One such project is the well-known documentation center “Topography of Terror,” located at the former headquarters of the Secret State Police, the SS, and the Reich Security Main Office in Berlin. Less known is the story of the grassroots political group called “Active Museum of Facism and Resistance,” which began unofficial archaeological excavations at the site in 1985. It was this group’s efforts that eventually lead to formal recognition and memorialization of the site.

While such initiatives from below may tap into established historical narratives, their emergence from civil society highlights the experiential and dialogic dimension of cultural memory. That is to say, history work is here not a call to remember for memory’s sake, but for an ethical form of memory (ethische Erinnerung, p. 66). Sites like the “Topography of Terror” serve as spatial referents for empathy and solidarity with the victims of oppressive political regimes, and they manifest a political imperative—that history should not repeat itself (“Erinnern, um nicht zu wiederholen,” p. 66). Grounded in the past, such critical memory culture is undeniably future-oriented.

Considering this, Gröning’s case is significant in yet another way. His trial, believed by some to be “the last Auschwitz trial on earth” (New York Times, 1 July 2015), highlights how German memory culture is subject to change. Today, few surviving victims remain to share their experiences and memories, and at times I fear that remembrance will loose its immediacy. Yet, Assmann shows that Gröning’s trial is not the end of memory. Rather, as history moves forward, the question is not what to remember, but how to recollect and preserve a past that is no longer grounded in living memory.
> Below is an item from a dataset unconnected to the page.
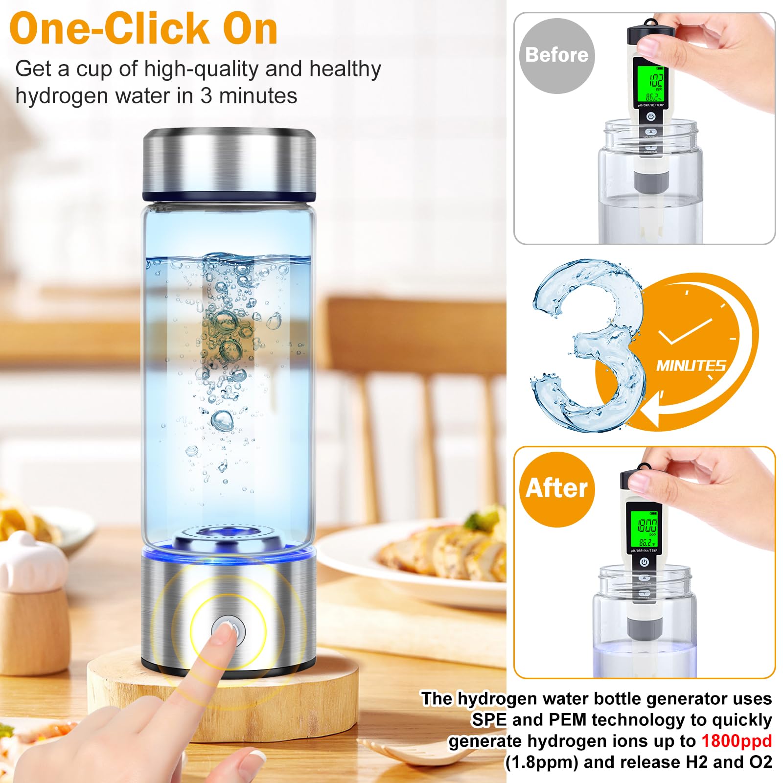- Health-Enhancing Hydrogen Water: With just a push of a button, transform your regular drinking water into hydrogen-rich water within 3 minutes. Our bottle promotes enhanced metabolism, improved nutrient absorption, and a boosted immune system. Experience the benefits of better memory, quality sleep, and speedy muscle recovery post-exercise.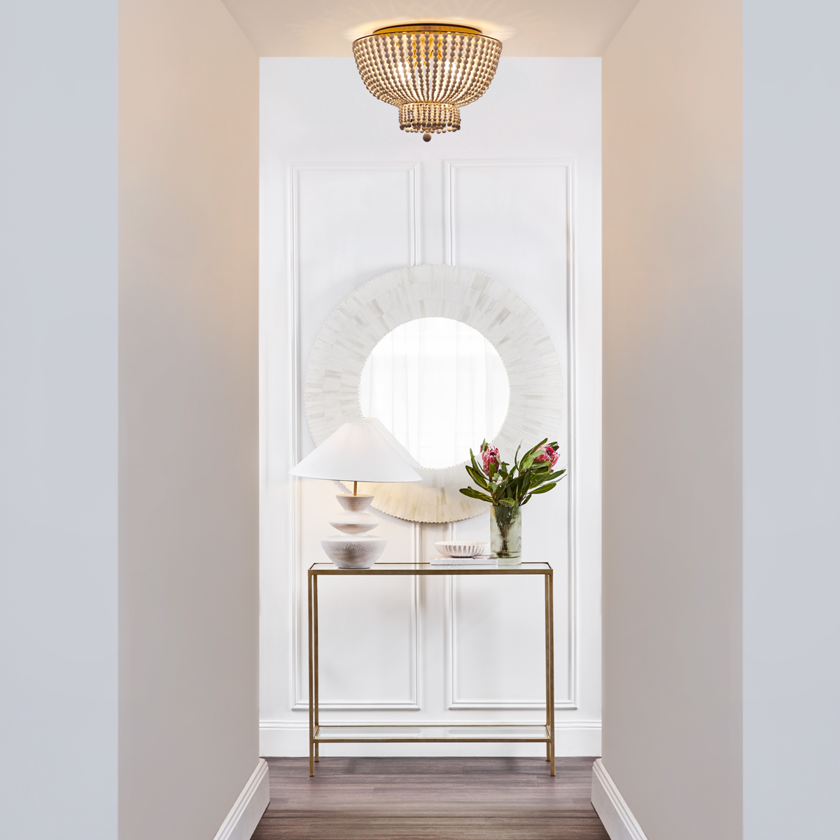Discover the captivating beauty of the Willow Lane Flush Mount, where cascading wooden beads create a thoughtfully designed fixture that seamlessly blends traditional aesthetics with a uniquely organic touch. Its antique gold finish iron framework adds a touch of modern classicism, resulting in a perfect balance of timeless elegance. This stunning flush mount is an ideal choice for coastal interiors.

What is more, because memory is always produced in the present, the question of remembrance is inevitably tied to the issue of how our own times will be recalled in the future. During the Night of Broken Glass in 1938, a father told his daughter to turn away, to not pay witness, lest she might be held accountable in the future, because “Das wird man uns nicht vergessen” (This they will not forget/forgive us) (p. 47). I take Assmann’s call for an intervention as a reminder to us—a plea not to look away, but to witness and to remember. I think of Solingen and of the National-Socialist Underground in Germany, but I also recall Guantánamo and Abu Ghraib, Wounded Knee and Vietnam. Today, I am a witness. If I don’t speak out, I will one day find that I have been complicit.